Dumb s**t campaigners Did While You Were At School

Remove this Banner Ad

I had an Invisibility Cloak and a magical map which showed exactly where everybody in the school was. Got up to all sorts of shenanigans.
Until fat Neville caught you
 

Log in to remove this ad.

Had this one kid at school who was notorious for just doing stuff. Things like putting sheep hearts into people's lunch boxes , filling kids bags with bean bag balls, shoving potatoes up the exhaust pipes of teachers cars etc. He even stole the keys for the school bus and took it for a joy ride.

He once went around to every power point he could find and shoved a paper clip between the active and neutral pins and switched on the power point. Blew almost every fuse in the school.
 
a little bit of a long one but I'll share as it comes up often at BBQ's between mates.

Cut a long story short in year 11 I was dating a foreign german exchange student (lucky me ;)) anyway at her farewell party after her 18months in Australia her host parents daughter as a joke got her this big black mofo of a dildo lets call it "blackie", so she says to me "VLM I can't take this home my parents will lose their sh1t if they find this" (typical uptight "ze germans" parents") so I said I would dispose of it… going on to tell my best mate what she had given me to rid of. After she returned home to Germany my best mate convinced me to bring it to school, sitting in in English class I go for a toilet break come back and find him poking me with something on my leg, look under the table and there is "blackie" he'd gotten it out of my bag.

Recess bell goes and we decide as a laugh we'll have a game of rugby using "blackie" as the ball as you can imagine many students found this hilarious.
after recess we had a free period were we went to the senior study hall, to "study" or more accurately play Counter Strike against others online.
Supervising the room was a teachers aid, and to this day i will never now why but my best mate went up and poked her in the shoulder with "blackie" she turned around and the look of sheer horror on her face…. WOW, well we legged it and ditched "blackie" in a female toilet sanitary bin!!

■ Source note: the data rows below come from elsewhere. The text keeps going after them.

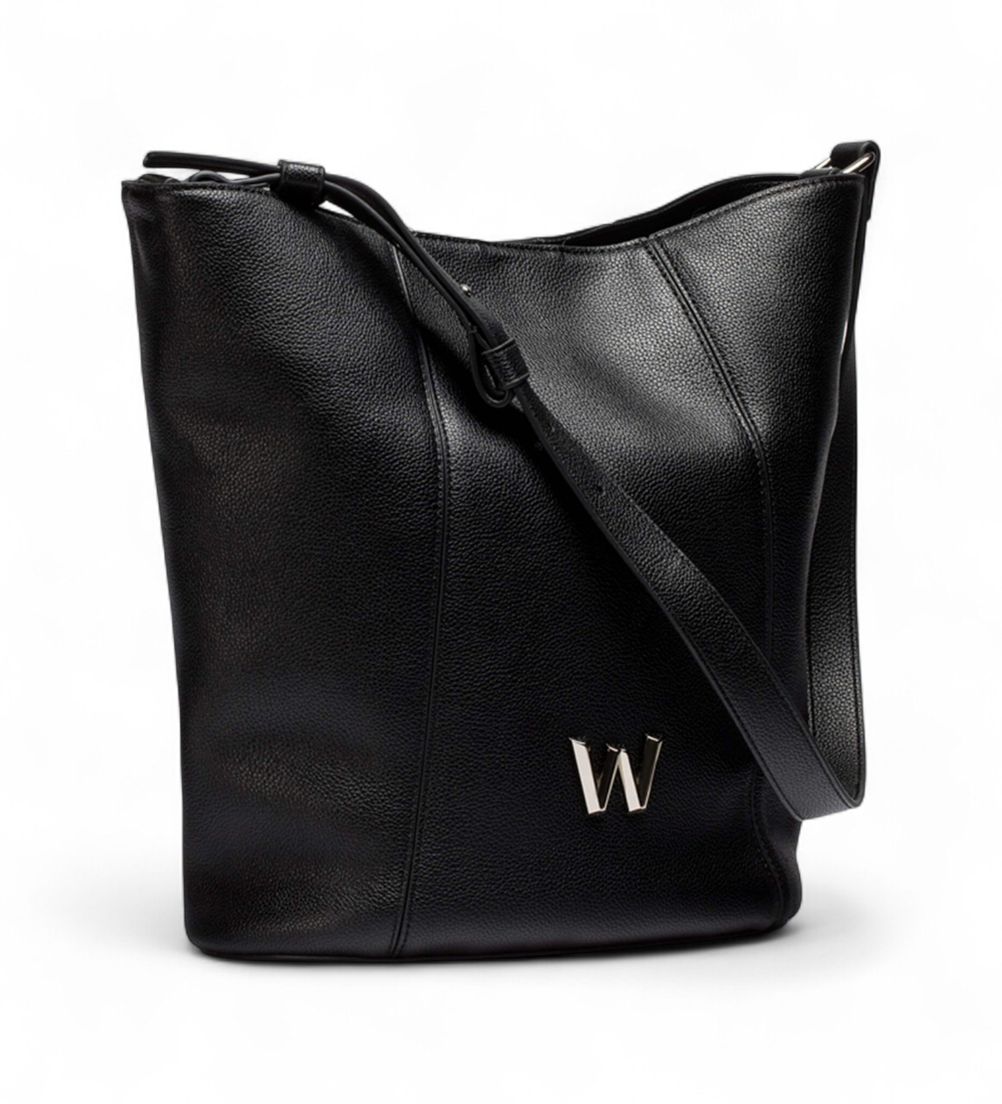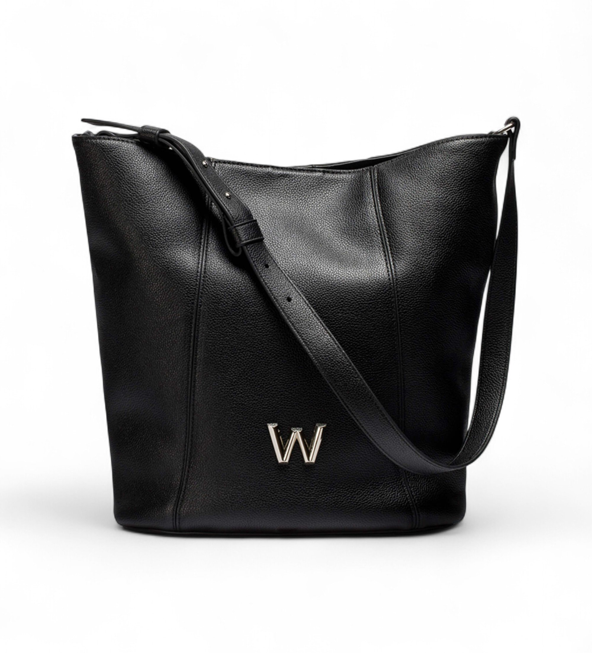 Tasken er fremstillet af øko-læder med tekstilfor og kombinerer holdbarhed med en glat, elegant finish. Sølvfarvede metaldetaljer giver et moderne og sofistikeret touch, mens låsen sørger for, at den altid er sikker.
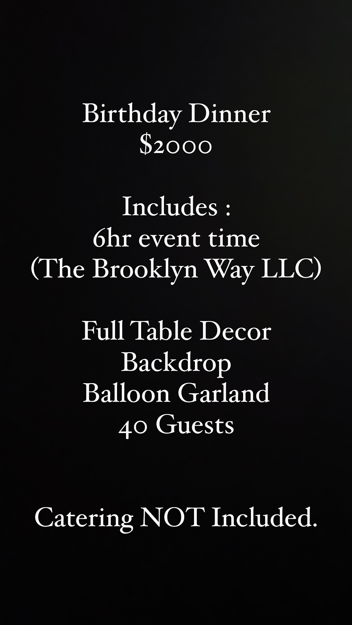 This is absolutely a fabulous establishment! The good, the atmosphere and the decor will take your private dinner or special occasion to the next level. I can not wait to have more from The Brooklyn Way.
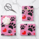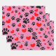Random Cartoon Dog Paw Prints and Red Hearts Geschenkpapier Set

Later that day my best mate was pulled out of class by the vice principal and given 3 days suspension, my home group teacher called my parents to explain the situation as they knew i was involved but my mate never turned me in, well the look on my parents face that night trying to keep a straight face it was along these lines "VLM, this is very serious, you are planning on joining the air force after high school and any sort of sexual harassment against your name can ruin it" walked away and to end the story just imagine closing my bedroom door and hearing my dad piss himself laughing once I'd left the room.

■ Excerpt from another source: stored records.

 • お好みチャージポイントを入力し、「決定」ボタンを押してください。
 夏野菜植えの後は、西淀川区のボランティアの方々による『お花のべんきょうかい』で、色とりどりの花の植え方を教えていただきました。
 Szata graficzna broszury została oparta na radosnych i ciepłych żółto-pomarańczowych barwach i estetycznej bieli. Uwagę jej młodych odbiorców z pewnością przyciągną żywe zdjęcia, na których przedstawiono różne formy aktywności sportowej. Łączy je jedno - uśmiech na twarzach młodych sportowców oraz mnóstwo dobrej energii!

still gets laughs when we discuss it 11 years on
 
Had this one kid at school who was notorious for just doing stuff. Things like putting sheep hearts into people's lunch boxes , filling kids bags with bean bag balls, shoving potatoes up the exhaust pipes of teachers cars etc. He even stole the keys for the school bus and took it for a joy ride.

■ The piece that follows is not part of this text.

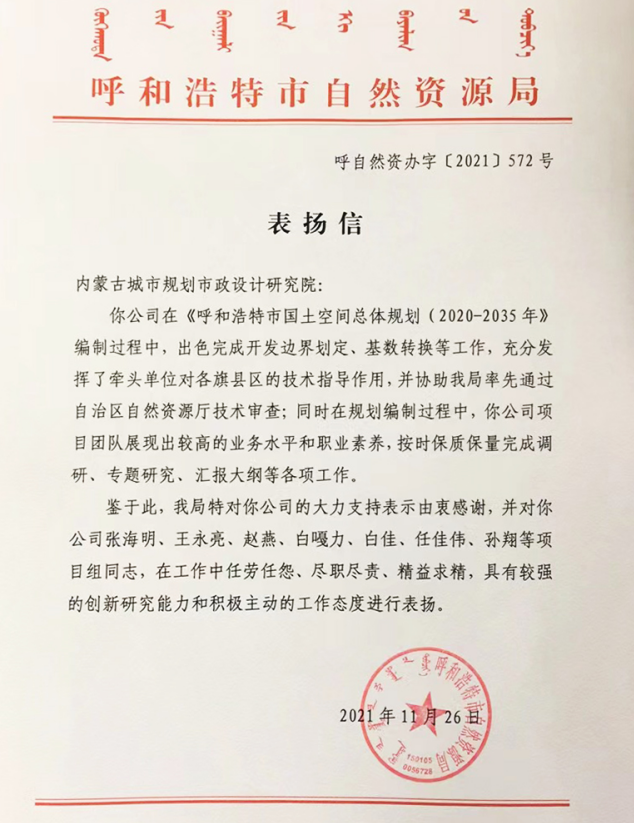 近日,呼和浩特市自然資源局向我院發(fā)來表揚信,對我院參與編制《呼和浩特市國土空間總體規(guī)劃(2020-2035年)》項目組成員展現出的較高業(yè)務水平和職業(yè)素養(yǎng)給予充分肯定和表揚。
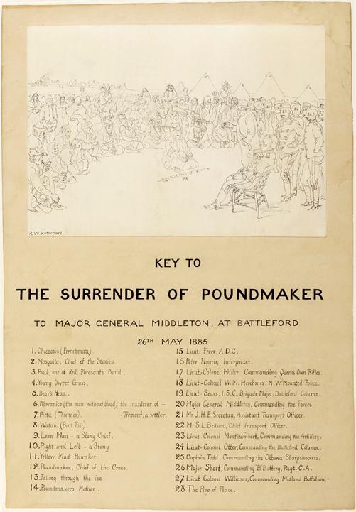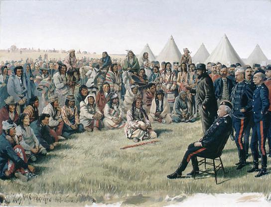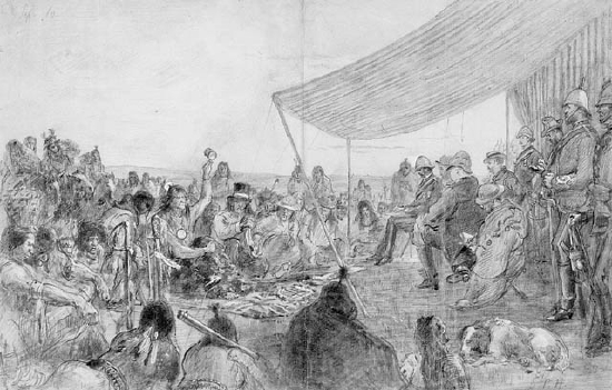 "If the Police had not come to the country, where would we be all now? Bad men and whiskey were killing us so fast that very few indeed of us would have been left today. The Police have protected us as the feathers of the bird protect it from the frosts of winter. . . I am satisfied. I will sign the treaty."

He once went around to every power point he could find and shoved a paper clip between the active and neutral pins and switched on the power point. Blew almost every fuse in the school.
wtf
 
I went to school with a bunch of very funny pricks. Forever doing stuff that I would laugh at for days/weeks/years. When fart bombs first came out, dropping those into closed classrooms at lunch time by opening a window and then closing it again. Seeing classes standing outside of their room just refusing to go in was funny. That lasted a few weeks before everyone at the school was threatened with suspension or expulsion if they caught who was doing it. Drawing dead body outlines on walls, floors, doors, or anywhere else that you could, that was also a laugh. Someone would stand or lie down in a random position, and the other would outline them. Worked great and didn't take long. Once again, the whole school was warned and threatened with suspension or expulsion if they caught who was doing it. We also had freshly laid outdoor basketball courts in grade 11. The surface was green and very smooth. We soon found out coke would mark the surface. We then went and got 600ml coke bottles, leave some coke in them, top them up with water, rub a hole in the corner of the bottle, and write stuff in massive writing on the courts. You could read it from the second story from about 4 separate buildings. Classes after lunch if you were in one of those rooms was a laugh. Another one which was always a crack up, was starting food fights. Got to a stage where a bunch of us were bringing heaps of fruit and then softening it up through the day before unloading it at a bunch of guys and chicks who were in the grade below us. An offshoot of this which happened a couple of times, was seeing a fight break out and a massive crowd gathering round to watch. The fruit came out straight away and was hurled at said crowd. Ha, laugh !!!!!!
 
a little bit of a long one but I'll share as it comes up often at BBQ's between mates.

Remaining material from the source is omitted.